What you have to do »
Print the records below exactly as they appear. Omit all pictures.

Available data »
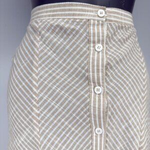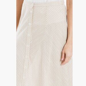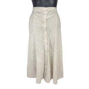 MAX STUDIO Yarn Dyed Button Front Striped Beige Off White Midi Maxi Skirt Sz M
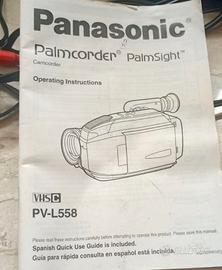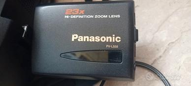 Videocamera vintage Panasonic modello PV-L558 con cavi e borsa (non originale). Funziona perfettamente. La batteria non regge, munita di riduttore per collegamento rete elettrica, due minicassette, batteria (una non regge carica), libretto manutenzione; caricabatteria, alimentatore di rete
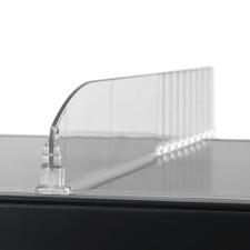 Adhesive Shelf Dividers provide a simple and effective way to divide shelves into distinct sections without the need for hardware or installation tools. With their adhesive tape on their bases, these plastic shelf dividers can be easily affixed to the surface of shelves, creating individual compartments to keep items neatly organized and prevent them from mixing or falling over. Their discreet design seamlessly integrates with the shelf surface, maintaining a clean and uncluttered appearance while enhancing accessibility and visibility of stored items.
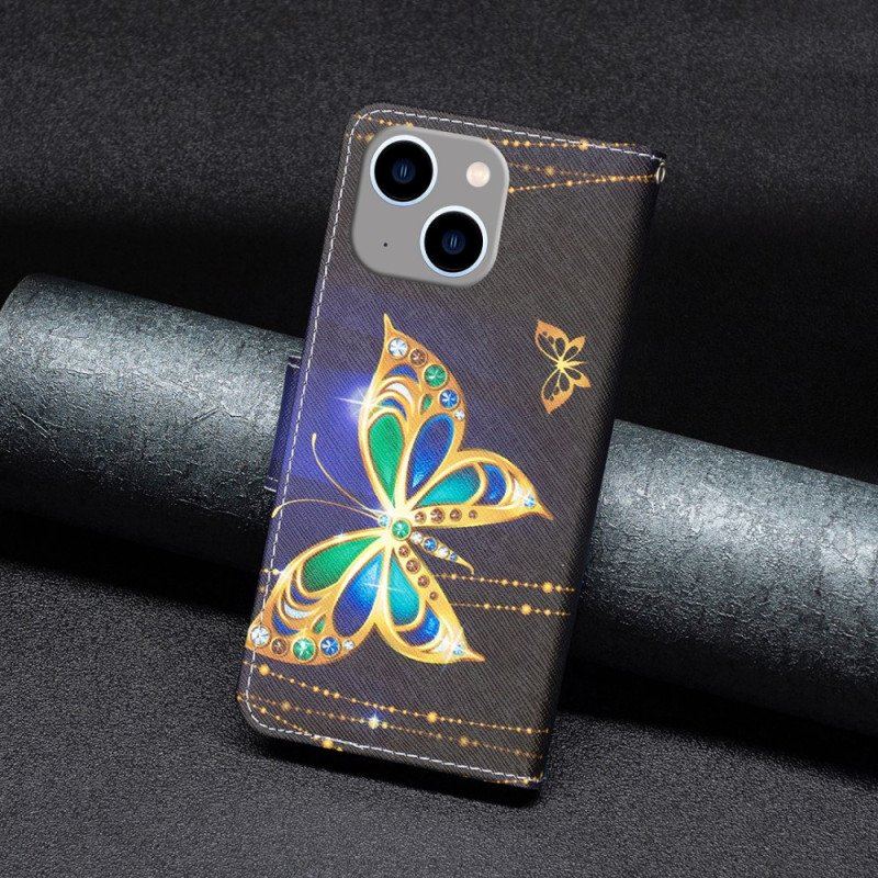 Det Här Skalet Dekorerat Med En Guldfjäril Är Idealiskt För Din Iphone 15 Plus Och Fungerar Som En Plånbok.
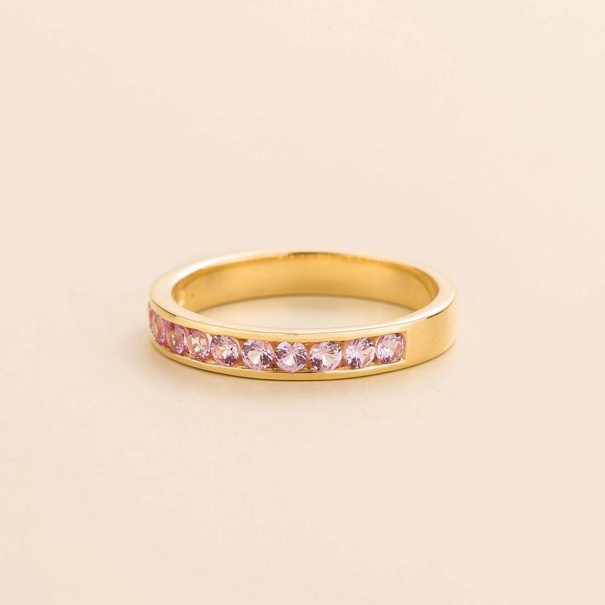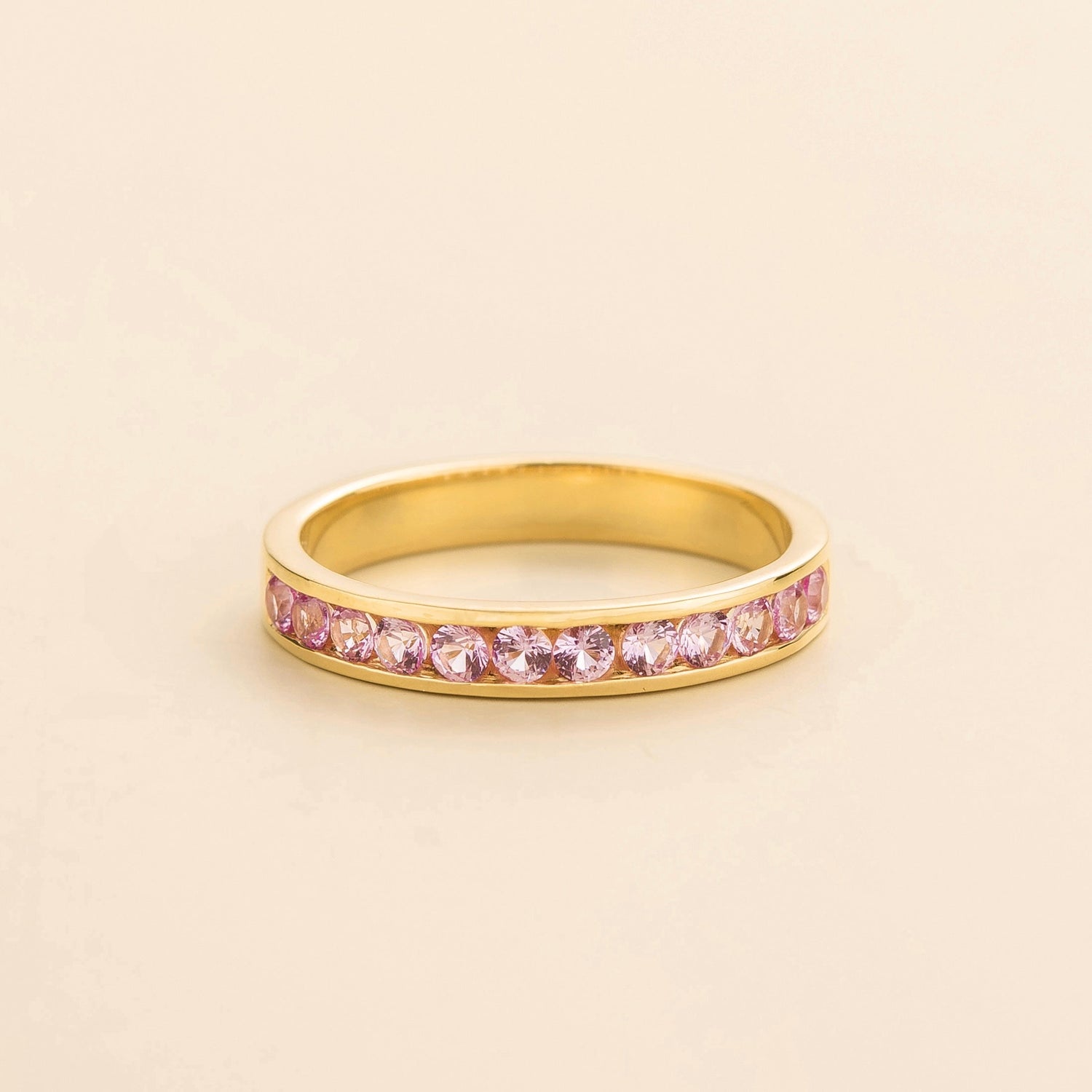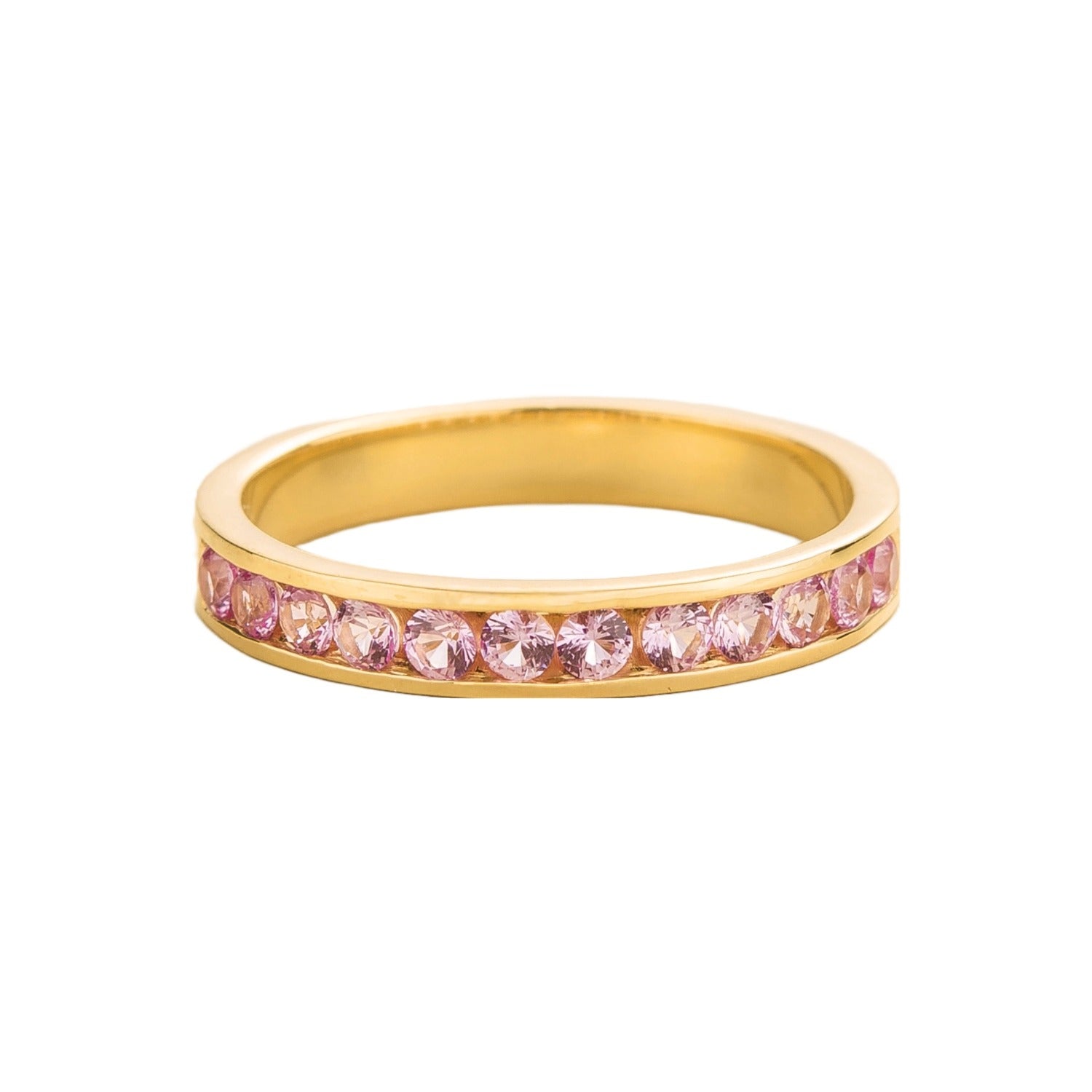 Margo ring in 18K gold vermeil set with ~0.6 carats Pink sapphire (13 of 2mm round cut stones). Options available in 9K, 14K and 18K gold.
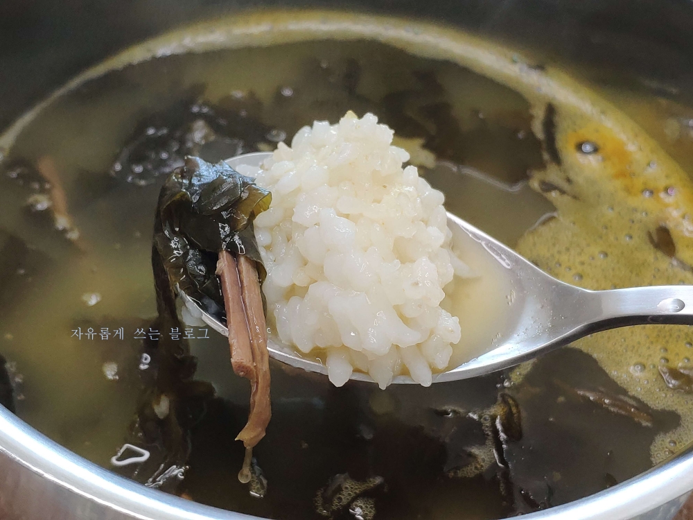 미역이 꽤 넉넉하게 들어 있고 식감도 적당히 부드러운 편이라 먹기에 좋습니다.
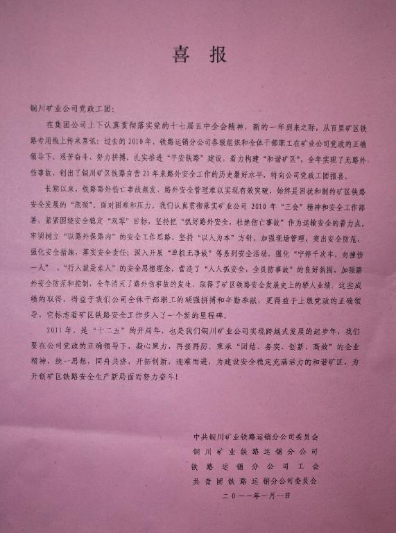 新年伊始,從百里礦區(qū)鐵路專用線上傳來(lái)喜訊:在剛剛過(guò)去的2010年,鐵路運(yùn)銷分公司全年實(shí)現(xiàn)了無(wú)路外傷及以上事故,創(chuàng)出了銅川礦區(qū)鐵路自營(yíng)21年來(lái)路外安全工作的歷史最好水平。

Answer to this exercise »
 MAX STUDIO Yarn Dyed Button Front Striped Beige Off White Midi Maxi Skirt Sz M
 Videocamera vintage Panasonic modello PV-L558 con cavi e borsa (non originale). Funziona perfettamente. La batteria non regge, munita di riduttore per collegamento rete elettrica, due minicassette, batteria (una non regge carica), libretto manutenzione; caricabatteria, alimentatore di rete
 Adhesive Shelf Dividers provide a simple and effective way to divide shelves into distinct sections without the need for hardware or installation tools. With their adhesive tape on their bases, these plastic shelf dividers can be easily affixed to the surface of shelves, creating individual compartments to keep items neatly organized and prevent them from mixing or falling over. Their discreet design seamlessly integrates with the shelf surface, maintaining a clean and uncluttered appearance while enhancing accessibility and visibility of stored items.
 Det Här Skalet Dekorerat Med En Guldfjäril Är Idealiskt För Din Iphone 15 Plus Och Fungerar Som En Plånbok.
 Margo ring in 18K gold vermeil set with ~0.6 carats Pink sapphire (13 of 2mm round cut stones). Options available in 9K, 14K and 18K gold.
 미역이 꽤 넉넉하게 들어 있고 식감도 적당히 부드러운 편이라 먹기에 좋습니다.
 新年伊始,從百里礦區(qū)鐵路專用線上傳來(lái)喜訊:在剛剛過(guò)去的2010年,鐵路運(yùn)銷分公司全年實(shí)現(xiàn)了無(wú)路外傷及以上事故,創(chuàng)出了銅川礦區(qū)鐵路自營(yíng)21年來(lái)路外安全工作的歷史最好水平。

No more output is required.